2025 CPT code 25420

Repair of nonunion or malunion of both the radius and ulna bones in the forearm, using a bone graft from the patient's own body.

The application and removal of the first cast, splint, or traction device are included in the code. Subsequent replacements can be billed separately. Modifier 54 is used if the initial treating physician does not perform subsequent care.

Modifiers such as 22 (increased procedural services), 50 (bilateral procedure), 51 (multiple procedures), 52 (reduced services), 59 (distinct procedural service), 62 (two surgeons), 76 (repeat procedure by same physician), and others may be applicable.

Medical necessity for this procedure is established by documenting the functional impairment caused by the nonunion or malunion, such as limited range of motion, pain, or instability.

The physician is responsible for the entire surgical procedure, including incision, bone repair, obtaining the graft, and closure.

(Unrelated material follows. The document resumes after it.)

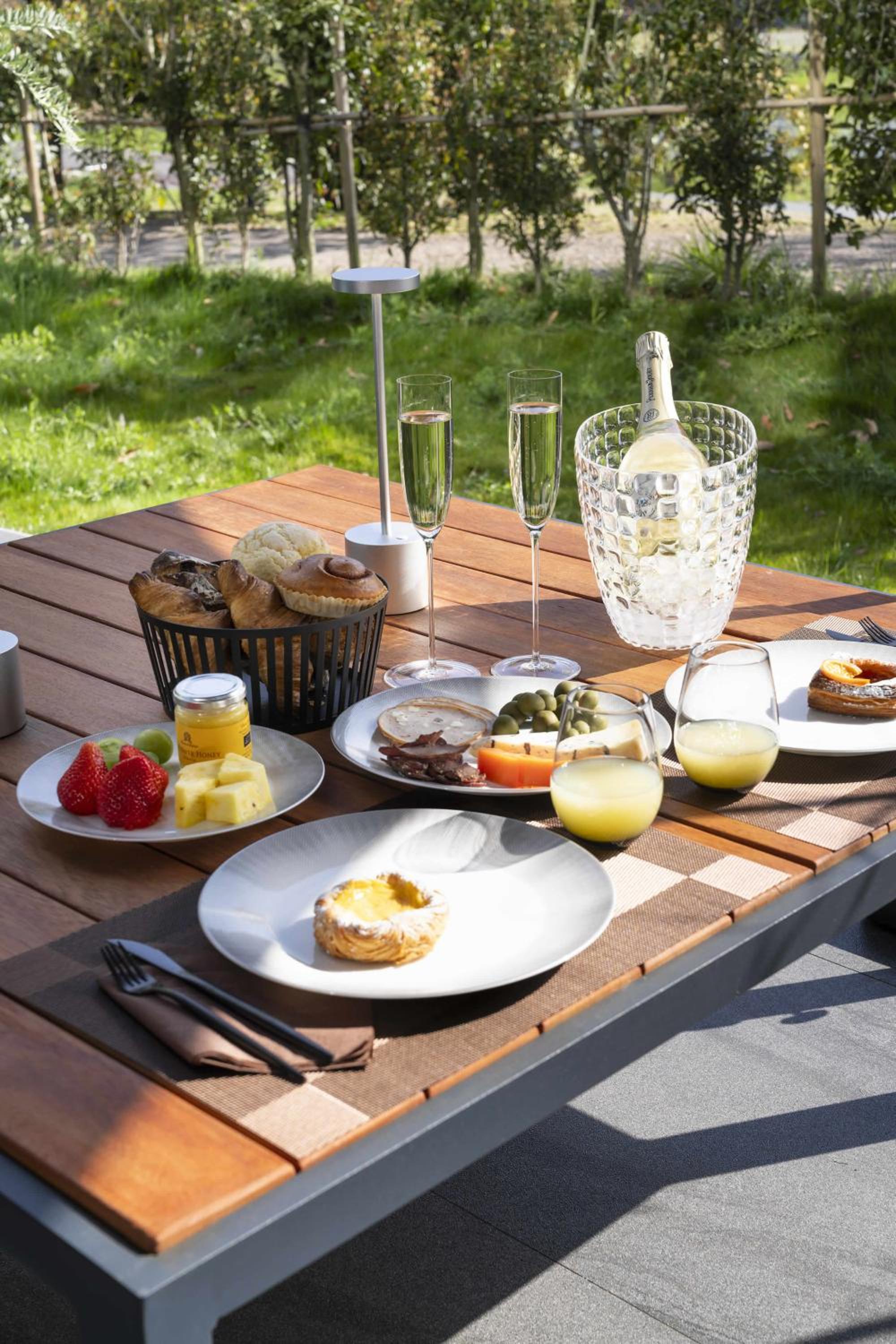 Tasty fruit, fresh. Great warm pastries, fresh juice, fermented eggs. The location is very nice, in nature but also easy to reach everywhere. Fresh air, beautiful views, uncrowded. Very modern, very clean. Room is huge, nice living area. Staff was lovely and responded immediately to reservation and info request.

In simple words: This surgery fixes a broken forearm when the radius and ulna bones haven't healed properly or have healed in the wrong position. The surgeon takes a piece of bone from another part of your body and uses it to help the forearm bones heal correctly.

This procedure addresses nonunion (failure of a fractured bone to heal) or malunion (healing of a fractured bone in an incorrect position) of both the radius and ulna bones in the forearm. It involves surgically exposing the affected bones, removing the improperly healed or unhealed bone tissue, and then grafting bone from elsewhere in the patient's body (often the iliac crest) to bridge the gap and promote proper healing. The procedure includes obtaining the autograft.

Example 1: A patient has a nonunion of both the radius and ulna following a forearm fracture. Code 25420 is used for the repair with autograft., A patient has a malunion of the radius and ulna, resulting in limited forearm rotation. Code 25420 is used for the corrective surgery with autograft., A patient with a congenital deformity affecting both the radius and ulna undergoes corrective surgery. Bone grafting is performed, and 25420 is reported.

Documentation should include details of the fracture, evidence of nonunion or malunion (e.g., imaging studies), the source of the autograft, and the method of fixation.